## Supplied material

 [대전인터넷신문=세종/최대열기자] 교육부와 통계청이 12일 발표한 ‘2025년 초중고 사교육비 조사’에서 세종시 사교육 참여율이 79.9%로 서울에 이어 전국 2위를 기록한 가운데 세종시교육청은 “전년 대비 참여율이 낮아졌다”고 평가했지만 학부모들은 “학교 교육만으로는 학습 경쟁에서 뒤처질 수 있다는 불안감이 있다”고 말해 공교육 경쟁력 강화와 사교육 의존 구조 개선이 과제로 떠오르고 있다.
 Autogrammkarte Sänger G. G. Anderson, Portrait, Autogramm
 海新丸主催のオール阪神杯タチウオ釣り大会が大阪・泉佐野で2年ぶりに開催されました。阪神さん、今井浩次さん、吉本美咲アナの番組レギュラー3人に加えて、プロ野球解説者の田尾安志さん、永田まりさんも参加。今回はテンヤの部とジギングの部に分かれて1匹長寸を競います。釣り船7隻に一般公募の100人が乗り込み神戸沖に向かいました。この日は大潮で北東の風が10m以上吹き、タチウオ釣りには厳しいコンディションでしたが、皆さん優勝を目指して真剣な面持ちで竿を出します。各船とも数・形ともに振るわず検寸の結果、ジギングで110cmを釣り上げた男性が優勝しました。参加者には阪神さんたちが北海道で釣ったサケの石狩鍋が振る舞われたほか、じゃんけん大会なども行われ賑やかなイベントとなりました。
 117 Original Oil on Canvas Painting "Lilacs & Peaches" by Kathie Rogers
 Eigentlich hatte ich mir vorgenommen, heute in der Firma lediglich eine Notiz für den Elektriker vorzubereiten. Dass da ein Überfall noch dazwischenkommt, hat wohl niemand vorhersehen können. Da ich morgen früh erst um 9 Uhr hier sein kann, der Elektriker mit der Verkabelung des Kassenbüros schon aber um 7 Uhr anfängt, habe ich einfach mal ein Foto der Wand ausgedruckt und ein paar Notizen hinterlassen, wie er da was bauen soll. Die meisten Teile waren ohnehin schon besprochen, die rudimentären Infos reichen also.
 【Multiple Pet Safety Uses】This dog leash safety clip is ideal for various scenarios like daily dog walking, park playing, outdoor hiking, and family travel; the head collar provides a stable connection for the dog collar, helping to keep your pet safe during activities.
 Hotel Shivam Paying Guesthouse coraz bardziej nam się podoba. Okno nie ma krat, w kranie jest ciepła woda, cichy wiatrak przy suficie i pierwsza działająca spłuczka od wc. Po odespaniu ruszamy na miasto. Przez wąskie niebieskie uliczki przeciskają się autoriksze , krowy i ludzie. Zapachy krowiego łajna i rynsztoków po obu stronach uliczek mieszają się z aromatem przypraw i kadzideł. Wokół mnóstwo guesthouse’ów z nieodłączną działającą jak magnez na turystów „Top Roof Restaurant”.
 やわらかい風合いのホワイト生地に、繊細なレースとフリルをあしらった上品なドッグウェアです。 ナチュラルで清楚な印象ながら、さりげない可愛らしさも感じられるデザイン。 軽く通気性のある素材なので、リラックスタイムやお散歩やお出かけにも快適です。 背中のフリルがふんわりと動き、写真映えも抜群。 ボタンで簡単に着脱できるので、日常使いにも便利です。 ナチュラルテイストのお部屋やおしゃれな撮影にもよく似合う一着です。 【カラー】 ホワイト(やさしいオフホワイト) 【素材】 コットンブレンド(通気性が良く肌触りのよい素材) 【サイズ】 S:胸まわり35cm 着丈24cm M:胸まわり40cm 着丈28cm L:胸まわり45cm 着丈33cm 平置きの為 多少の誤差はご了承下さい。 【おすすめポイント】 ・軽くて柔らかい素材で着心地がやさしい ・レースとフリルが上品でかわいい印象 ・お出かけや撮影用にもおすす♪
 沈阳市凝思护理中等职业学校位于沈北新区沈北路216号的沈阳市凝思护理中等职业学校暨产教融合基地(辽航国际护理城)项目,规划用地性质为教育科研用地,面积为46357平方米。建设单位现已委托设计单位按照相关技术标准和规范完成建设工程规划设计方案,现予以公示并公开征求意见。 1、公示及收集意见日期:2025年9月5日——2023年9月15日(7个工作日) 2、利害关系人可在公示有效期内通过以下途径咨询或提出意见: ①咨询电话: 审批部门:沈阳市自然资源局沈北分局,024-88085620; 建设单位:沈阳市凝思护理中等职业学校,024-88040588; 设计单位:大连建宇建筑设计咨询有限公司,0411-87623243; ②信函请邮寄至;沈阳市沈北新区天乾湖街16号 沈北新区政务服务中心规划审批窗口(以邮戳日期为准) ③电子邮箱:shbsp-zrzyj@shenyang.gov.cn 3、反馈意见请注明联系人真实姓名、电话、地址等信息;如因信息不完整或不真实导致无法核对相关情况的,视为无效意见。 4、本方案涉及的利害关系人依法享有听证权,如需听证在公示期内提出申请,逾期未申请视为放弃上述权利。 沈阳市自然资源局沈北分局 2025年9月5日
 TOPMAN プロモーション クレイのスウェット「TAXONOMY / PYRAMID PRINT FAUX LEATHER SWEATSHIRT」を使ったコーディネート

## What is needed
Copy out the entire listing again, word for word.

## Result for this task
 [대전인터넷신문=세종/최대열기자] 교육부와 통계청이 12일 발표한 ‘2025년 초중고 사교육비 조사’에서 세종시 사교육 참여율이 79.9%로 서울에 이어 전국 2위를 기록한 가운데 세종시교육청은 “전년 대비 참여율이 낮아졌다”고 평가했지만 학부모들은 “학교 교육만으로는 학습 경쟁에서 뒤처질 수 있다는 불안감이 있다”고 말해 공교육 경쟁력 강화와 사교육 의존 구조 개선이 과제로 떠오르고 있다.
 Autogrammkarte Sänger G. G. Anderson, Portrait, Autogramm
 海新丸主催のオール阪神杯タチウオ釣り大会が大阪・泉佐野で2年ぶりに開催されました。阪神さん、今井浩次さん、吉本美咲アナの番組レギュラー3人に加えて、プロ野球解説者の田尾安志さん、永田まりさんも参加。今回はテンヤの部とジギングの部に分かれて1匹長寸を競います。釣り船7隻に一般公募の100人が乗り込み神戸沖に向かいました。この日は大潮で北東の風が10m以上吹き、タチウオ釣りには厳しいコンディションでしたが、皆さん優勝を目指して真剣な面持ちで竿を出します。各船とも数・形ともに振るわず検寸の結果、ジギングで110cmを釣り上げた男性が優勝しました。参加者には阪神さんたちが北海道で釣ったサケの石狩鍋が振る舞われたほか、じゃんけん大会なども行われ賑やかなイベントとなりました。
 117 Original Oil on Canvas Painting "Lilacs & Peaches" by Kathie Rogers
 Eigentlich hatte ich mir vorgenommen, heute in der Firma lediglich eine Notiz für den Elektriker vorzubereiten. Dass da ein Überfall noch dazwischenkommt, hat wohl niemand vorhersehen können. Da ich morgen früh erst um 9 Uhr hier sein kann, der Elektriker mit der Verkabelung des Kassenbüros schon aber um 7 Uhr anfängt, habe ich einfach mal ein Foto der Wand ausgedruckt und ein paar Notizen hinterlassen, wie er da was bauen soll. Die meisten Teile waren ohnehin schon besprochen, die rudimentären Infos reichen also.
 【Multiple Pet Safety Uses】This dog leash safety clip is ideal for various scenarios like daily dog walking, park playing, outdoor hiking, and family travel; the head collar provides a stable connection for the dog collar, helping to keep your pet safe during activities.
 Hotel Shivam Paying Guesthouse coraz bardziej nam się podoba. Okno nie ma krat, w kranie jest ciepła woda, cichy wiatrak przy suficie i pierwsza działająca spłuczka od wc. Po odespaniu ruszamy na miasto. Przez wąskie niebieskie uliczki przeciskają się autoriksze , krowy i ludzie. Zapachy krowiego łajna i rynsztoków po obu stronach uliczek mieszają się z aromatem przypraw i kadzideł. Wokół mnóstwo guesthouse’ów z nieodłączną działającą jak magnez na turystów „Top Roof Restaurant”.
 やわらかい風合いのホワイト生地に、繊細なレースとフリルをあしらった上品なドッグウェアです。 ナチュラルで清楚な印象ながら、さりげない可愛らしさも感じられるデザイン。 軽く通気性のある素材なので、リラックスタイムやお散歩やお出かけにも快適です。 背中のフリルがふんわりと動き、写真映えも抜群。 ボタンで簡単に着脱できるので、日常使いにも便利です。 ナチュラルテイストのお部屋やおしゃれな撮影にもよく似合う一着です。 【カラー】 ホワイト(やさしいオフホワイト) 【素材】 コットンブレンド(通気性が良く肌触りのよい素材) 【サイズ】 S:胸まわり35cm 着丈24cm M:胸まわり40cm 着丈28cm L:胸まわり45cm 着丈33cm 平置きの為 多少の誤差はご了承下さい。 【おすすめポイント】 ・軽くて柔らかい素材で着心地がやさしい ・レースとフリルが上品でかわいい印象 ・お出かけや撮影用にもおすす♪
 沈阳市凝思护理中等职业学校位于沈北新区沈北路216号的沈阳市凝思护理中等职业学校暨产教融合基地(辽航国际护理城)项目,规划用地性质为教育科研用地,面积为46357平方米。建设单位现已委托设计单位按照相关技术标准和规范完成建设工程规划设计方案,现予以公示并公开征求意见。 1、公示及收集意见日期:2025年9月5日——2023年9月15日(7个工作日) 2、利害关系人可在公示有效期内通过以下途径咨询或提出意见: ①咨询电话: 审批部门:沈阳市自然资源局沈北分局,024-88085620; 建设单位:沈阳市凝思护理中等职业学校,024-88040588; 设计单位:大连建宇建筑设计咨询有限公司,0411-87623243; ②信函请邮寄至;沈阳市沈北新区天乾湖街16号 沈北新区政务服务中心规划审批窗口(以邮戳日期为准) ③电子邮箱:shbsp-zrzyj@shenyang.gov.cn 3、反馈意见请注明联系人真实姓名、电话、地址等信息;如因信息不完整或不真实导致无法核对相关情况的,视为无效意见。 4、本方案涉及的利害关系人依法享有听证权,如需听证在公示期内提出申请,逾期未申请视为放弃上述权利。 沈阳市自然资源局沈北分局 2025年9月5日
 TOPMAN プロモーション クレイのスウェット「TAXONOMY / PYRAMID PRINT FAUX LEATHER SWEATSHIRT」を使ったコーディネート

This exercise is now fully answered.